Playing with swift I found this surprising:
玩得很快我发现这令人惊讶:
"123".integerValue // <= returns 123
var x = "123"
x.integerValue // <= Error: String does not have a member named integerValue
Can someone explain?
谁能解释一下?
4 个解决方案
#1
6
My guess is that in the first example the compiler uses the call to integerValue as additional information to infer the type (choosing between NSString and a Swift String).
我的猜测是,在第一个例子中,编译器使用对integerValue的调用作为推断类型的附加信息(在NSString和Swift String之间进行选择)。
In the second example it probably defaults to a Swift String because it doesn't evaluate multiple lines.
在第二个示例中,它可能默认为Swift String,因为它不会评估多行。
#2
1
I believe this is an example of type inference in action. When you do: "123".integerValue the compiler detects that in this case you want to use an NSString (which it also does when you use string literals as arguments to objective-c functions.
我相信这是行动中类型推断的一个例子。当你执行:“123”.integerValue编译器检测到在这种情况下你想要使用NSString(当你使用字符串文字作为objective-c函数的参数时它也会这样做。
A similar example is:
一个类似的例子是:
// x is an Int
let x = 12
// here we tell the compiler that y is a Double explicitly
let y: Double = 12
// z is a Double because 2.5 is a literal Double and so "12" is also
// parsed as a literal Double
let z = 12 * 2.5
#3
1
Use .toInt()
var x = "123"
var num: Int = x.toInt()
#4
0
If you do:
如果你这样做:
var x = "123" as NSString
x.integerValue
var x : NSString = "123" // or this as Sulthan suggests
it won't show that error.
它不会显示错误。
I think your first example is automatically picking up that you want to use a NSString as NSString only has this .integerValue call.
我认为你的第一个例子是自动获取你想要使用NSString,因为NSString只有这个.integerValue调用。
The second example is probably failing because it's not being told what it is and deciding to use a swift string instead.
第二个例子可能是失败的,因为它没有被告知它是什么,并决定使用swift字符串代替。
#1
6
My guess is that in the first example the compiler uses the call to integerValue as additional information to infer the type (choosing between NSString and a Swift String).
我的猜测是,在第一个例子中,编译器使用对integerValue的调用作为推断类型的附加信息(在NSString和Swift String之间进行选择)。

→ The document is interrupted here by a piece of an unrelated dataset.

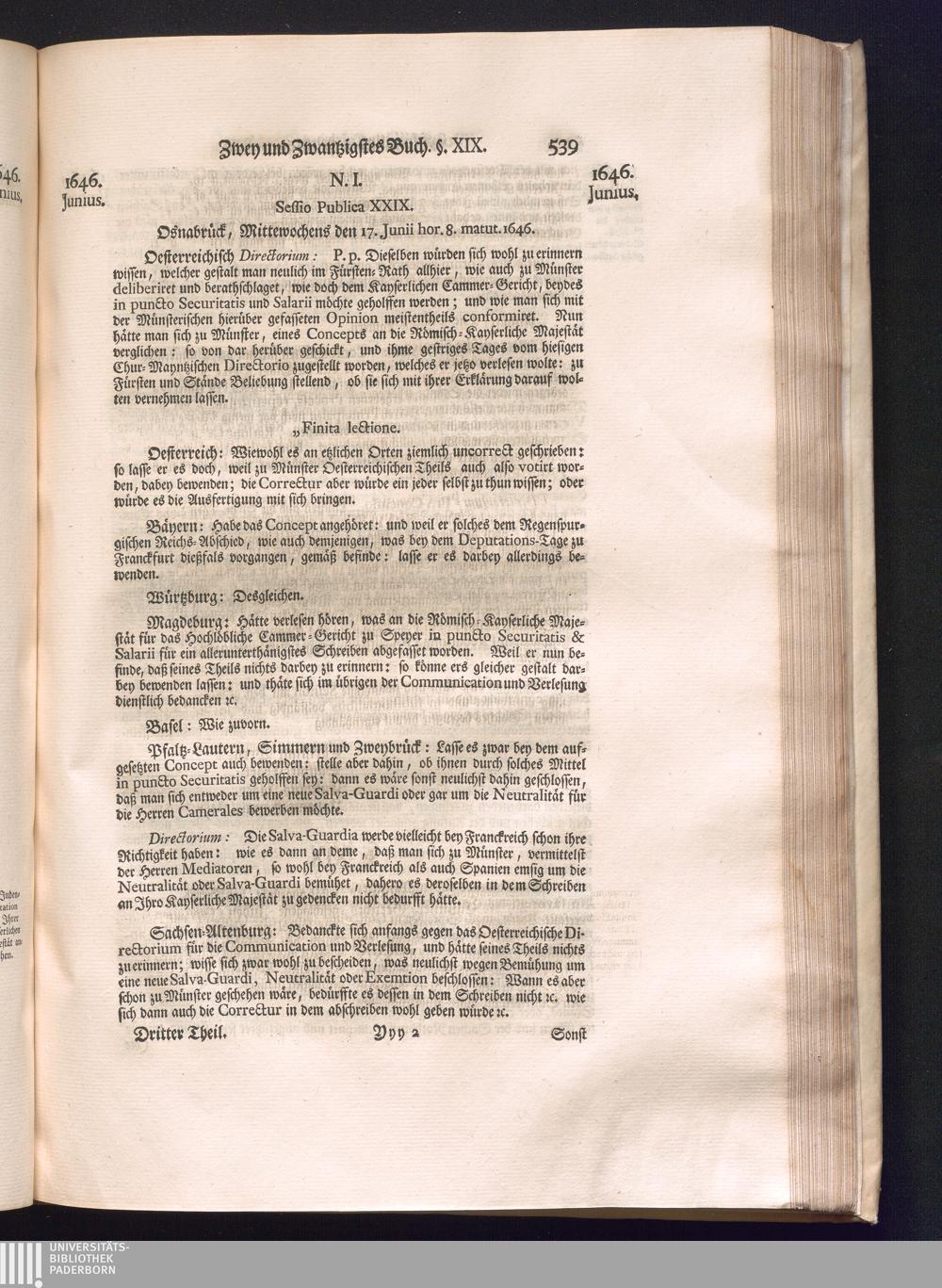 Dritter Theil (1735) Worinnen enthalten, was vom Monath April, biß zu Ende des Jahrs 1646. zwischen Jhro Römisch-Kayserlichen Majestät, dann den Beyden Cronen Franckreich und Schweden, ingleichen des Heiligen Römischen Reichs Chur Fürsten, Fürsten und Ständen, zu Oßnabrück und Münster gehandelt worden

In the second example it probably defaults to a Swift String because it doesn't evaluate multiple lines.
在第二个示例中,它可能默认为Swift String,因为它不会评估多行。
#2
1
I believe this is an example of type inference in action. When you do: "123".integerValue the compiler detects that in this case you want to use an NSString (which it also does when you use string literals as arguments to objective-c functions.
我相信这是行动中类型推断的一个例子。当你执行:“123”.integerValue编译器检测到在这种情况下你想要使用NSString(当你使用字符串文字作为objective-c函数的参数时它也会这样做。
A similar example is:
一个类似的例子是:
// x is an Int
let x = 12
// here we tell the compiler that y is a Double explicitly
let y: Double = 12
// z is a Double because 2.5 is a literal Double and so "12" is also
// parsed as a literal Double
let z = 12 * 2.5
#3
1
Use .toInt()
var x = "123"
var num: Int = x.toInt()
#4
0
If you do:
如果你这样做:
var x = "123" as NSString
x.integerValue
var x : NSString = "123" // or this as Sulthan suggests
it won't show that error.
它不会显示错误。
I think your first example is automatically picking up that you want to use a NSString as NSString only has this .integerValue call.
我认为你的第一个例子是自动获取你想要使用NSString,因为NSString只有这个.integerValue调用。
The second example is probably failing because it's not being told what it is and deciding to use a swift string instead.
第二个例子可能是失败的,因为它没有被告知它是什么,并决定使用swift字符串代替。